Bosun Tijani, minister of communications, innovation and digital economy, said it is curating a list of top researchers of Nigerian and non-Nigerian descent from all over the world to join in co-creating a National Artificial intelligence Strategy.
This is in line with the National Artificial Intelligence Policy (NAIP) on the existing work done by the National Information Technology Department Agency (NITDA) one year ago.
In the statement shared by the minister, the national AI strategy for Nigeria is responsible for steering the AI revolution towards achieving the national goal of job creation, social inclusion, and sustainable development.
“With collaborative leadership, Nigeria seeks to pioneer ethical and inclusive AI innovation that improves welfare and opportunities for all citizens,” it said.
According to PwC report, Al will contribute up to $15.7 trillion to the global economy by 2030, with $3 trillion from increased productivity and $9.1 trillion from new products and services.
Many governments have developed AI frameworks and policies to help prompt economic and technological growth. The frameworks range from the United States’ Executive Order on AI leadership, India’s National Strategy for AI #AIforAll, and China’s Next Generation Artificial Intelligence Development Plan to ‘AI Made in Germany’ and the ‘Pan-Canadian AI Strategy’, among others.
These strategies majorly focus on talent and education, research and development, government investment, and collaborations with other countries and regulatory frameworks for the best development and deployment of AI.
In 2019, US President Donald Trump emphasised the significance of ensuring American leadership in the development of emerging technologies, including AI, that make up the industries of the future.
Trump signed an Executive Order to launch the American AI Initiative that focused on the resources of the federal government to develop AI to enhance the country’s prosperity, increase its national and economic security, and improve the quality of life of the American people.
The American AI initiative takes a multipronged approach to stimulate the US’ national leadership in AI and includes five key areas of emphasis: investing in AI R&D; unleashing AI resources; setting AI governance standards; building the AI workforce; and international engagement and protecting America’s AI advantage.
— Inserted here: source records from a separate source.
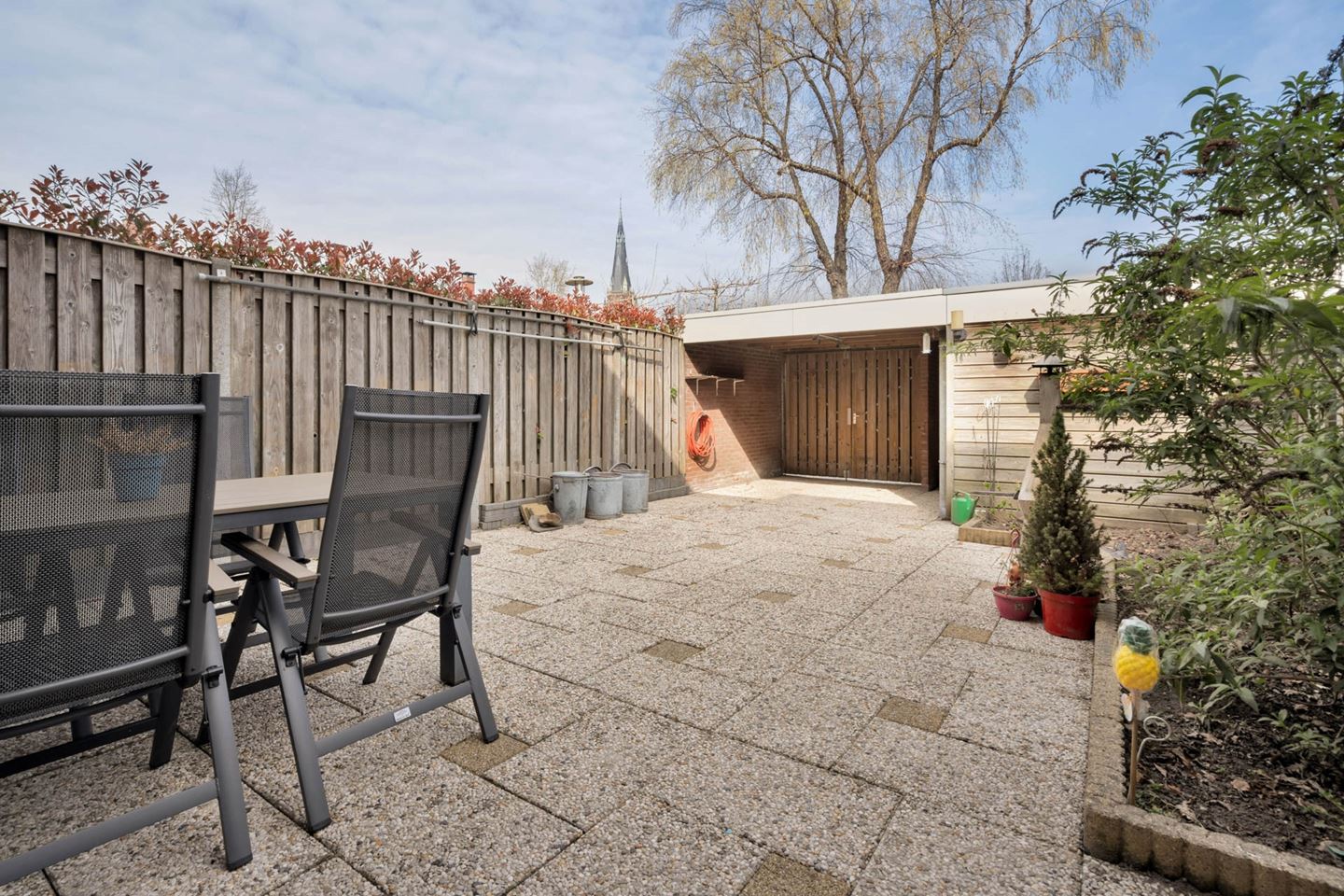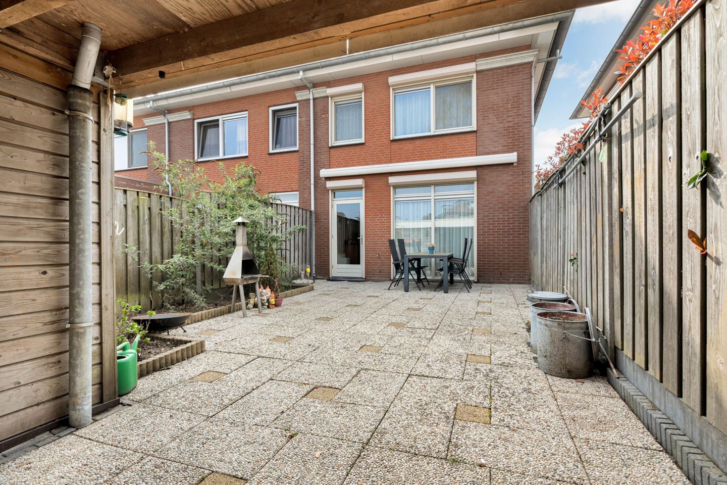 De achtertuin is grotendeels bestraat en is voorzien van elektra en een buitenkraan.
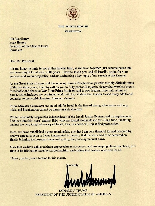 President Trump knows something about bogus, politically-motivated prosecutions, so he sympathizes with Benjamin Netanyahu, who is going through the same thing Trump did. So Trump wrote a letter to Israeli President Isaac Herzog, asking him to pardon Netanyahu. The letter is embedded below.
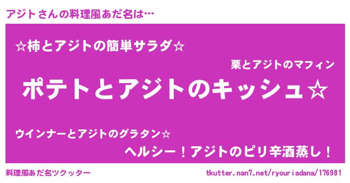 | ピコ太郎風あだ名 | 『アジ太郎』『ピア三郎』『アア太郎』 |
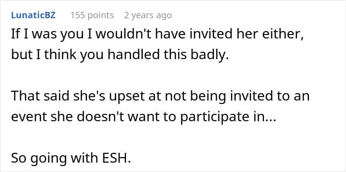 Some commenters argued that both women were at fault, one for excluding, the other for not being open to compromise

For China, the next-generation artificial intelligence development plan involves initiatives and goals for research and development, industralisation, talent development, education and skills acquisition, standard-setting and regulations, ethical norms, and security.
The country also has a national AI strategy and has announced plans to invest tens of billions of dollars in AI research and development. Cities like Beijing announced a $2.1 billion AI-centric technology park and Tianjin, which plans to set up a $16 billion AI fund, is also stepping out to the country’s AI development initiatives. By 2030, the Chinese government intends to nurture an AI industry worth 1 trillion RMB, with related industries worth 10 trillion RMB.
Canada is the first country in the world that introduced a CAD25 million national AI strategy, the Pan-Canadian Artificial Intelligence Strategy, in 2017. For this strategy, the Government of Canada appointed the Canadian Institute For Advanced Research, which works in close collaboration with Canada’s three national AI institutes – Amii in Alberta, Mila in Montréal, and Vector Institute in Toronto, as well as universities, hospitals, and organisations across the country.
The strategy has four goals and objectives: increase the number of AI researchers and graduates, establish three clusters of scientific excellence, develop thought leadership on the economic, ethical, policy, and legal implications of AI, and support the national research community on AI. Canada’s AI strategy is distinct from other strategies because it is primarily a research and talent strategy.
Other countries that have gone ahead with their national AI strategy include Singapore, France, the United Kingdom, Germany, the United Arab Emirates, India, and Japan.
In Africa, Mauritius was the first to develop an AI strategy, followed by Egypt. However, South Africa currently leads the continent with the highest number of AI-focused companies, followed by Nigeria.
South Africa, the most industrialised country on the continent, currently has 726 startups compared with 456 in Nigeria, according to data from Finextra and Kora. Other countries in the top five with AI companies include Egypt (246), Kenya (204), and Morocco (126).
However, the International Finance Corporation projects that the strategic adoption of Al could add up to $234 billion to Africa’s GDP by 2030. Nigeria is considered to have a fast-growing technology start-up ecosystem (having attracted 25 percent of the $1.3 billion funding to African tech start-ups in 2021).
As an innovation leader on the African continent, Nigeria needs to develop a national strategy to harness the power of Al for sustainable development, the minister’s statement added.
Along with the opportunities, Al governance also poses some complex socio-technical challenges. As algorithms are deployed in high-stakes domains like healthcare, finance, and security, concerns are emerging around ethics, bias, transparency, job automation, and privacy.
In addition, both policymakers and researchers are of a consensus that a human-centred approach is essential to ensure Al systems are fair and accountable to all, across gender, ethnic and socioeconomic groups.